Do Clinicians Know How to Prompt? The Need for Automatic Prompt Optimization Help in Clinical Note Generation


Zonghai Yao thanks: * Indicates equal contribution 1, Ahmed Jaafar11footnotemark: 1 1, Beining Wang 2, Zhichao Yang 1, Hong Yu1 University of Massachusetts Amherst1, Fudan University2 {zonghaiyao, ajaafar}@umass.edu


1 Introduction

To appear in BioNLP 2024

Large Language Models (LLMs), including iterations of the Generative Pre-trained Transformer (GPT) series, have dramatically expanded the scope of natural language processing (NLP). Their applications now range from simple Q&A to the intricate demands of clinical documentation, necessitating the craft of prompt engineering Brown et al. (2020); Sanh et al. (2021); Chowdhery et al. (2022); Longpre et al. (2023); OpenAI (2023); Wang et al. (2023a); Yang et al. (2023b). The quality of a prompt is paramount, as it is typically created by a human mentor to guide an LLM mentee to generate the document. Yet, this prompt creation process is encumbered by the complexities of human expression—rich in subtleties and cultural nuance—that often surpass the computational confines of LLMs, resulting in a cognitive gap Zamfirescu-Pereira et al. (2023). Variances in prompt quality lead to differences in prompt efficacy, which can fluctuate considerably (1) when switching between LLM mentees (As shown in Figure 1, ‘mentor’ modifies the prompt to allow ‘mentee’ to perform the targeted task better) and (2) across various sections of the documentation or (3) among different human mentors, as illustrated in Figure 1. This inherent variability underscores the need for a consistent tool that standardizes prompt quality to achieve reliable uniformity in LLM performance.

Refer to caption
Figure 1: Influence of different mentors on AI mentee performance enhancement. This figure illustrates the changes in AI mentee performance following prompting by three individual human mentors and an APO system, represented on the x-axis. The y-axis measures the variation in ROUGE scores before and after prompting, with blue bars indicating GPT3.5 and orange bars denoting GPT4 as mentee to generate clinical note content according to different prompt groups. The results indicate the differential impact of human versus APO prompting on AI content generation quality.

In the clinical domain, where the stakes are particularly high, optimizing prompt engineering is critical to help busy clinicians most efficiently use LLMs for clinical practice. Our study adopts Automatic Prompt Optimization (APO) Prasad et al. (2022) as a novel solution to address these challenges. APO refines the initial prompts provided by clinicians, adapting them to the nuanced requirements of different clinical note sections for AI-assisted clinical documentation. Thus, the resulting clinical notes are significantly enhanced in quality and efficiency.

Through a comprehensive comparative analysis, our research elucidates how APO, when used with human experts, substantially elevates the refinement process of prompts. Our first experimental set pits generic prompts, modified by medical experts, non-medical experts, and APO-enhanced GPT3.5 and GPT4, against each other. The results highlight APO-GPT4’s remarkable ability to elevate content generation, revealing an inherent capacity for self-improvement that aligns with recent academic discourse. Our second experimental set delves into the potential of human-in-the-loop systems. Here, we further refine APO-generated prompts with human experts. Contrary to non-expert interventions, which often detracted from the quality of the content, expert modifications maintained the high standards set by APO. Moreover, our human preference feedback suggests that, while experts may not significantly alter the content quality, they prefer the results of their own modifications, pointing to a personalized touch without sacrificing the quality of the content.

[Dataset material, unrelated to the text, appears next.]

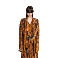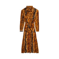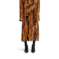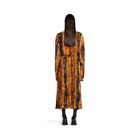 Knotted Dress in brown AI Fur technical crepe is from look 24 of Balenciaga Spring 25 Collection. PRODUCT DETAILS • Technical crepe AI Fur printed • Draped • Two long panels at collar to tie like a Lavaliere or let hang down • Buttons on blouse part • Long sleeves • Knotted at waist • Ankle-length • Made in Italy Main material: 100% polyester

In light of our findings, we advocate a two-pronged approach to prompt optimization: initially employing APO-GPT4 to standardize prompt quality, followed by expert-led customization based on preference. This strategy offers a pragmatic balance, effectively harnessing the power of AI while respecting the nuances of human expertise.

2 Related Work

Soft prompts and parameter adjustments offer promising results for open-source LLMs Li and Liang (2021); Lester et al. (2021); Hu et al. (2021), while discrete prompt searches Shin et al. (2020); Wen et al. (2023) and reinforcement learning Deng et al. (2022); Zhang et al. (2022) push the boundaries further. Closed-source LLMs, conversely, necessitate gradient-free optimization, relying on iterative prompt refinement and natural language feedback for efficacy Prasad et al. (2022); Xu et al. (2022); Guo et al. (2023); Fernando et al. (2023); Zhou et al. (2022); Xu et al. (2023); Pryzant et al. (2023); Yang et al. (2023a); Wang et al. (2023d); Dong et al. (2023); Li et al. (2023); Sun et al. (2023).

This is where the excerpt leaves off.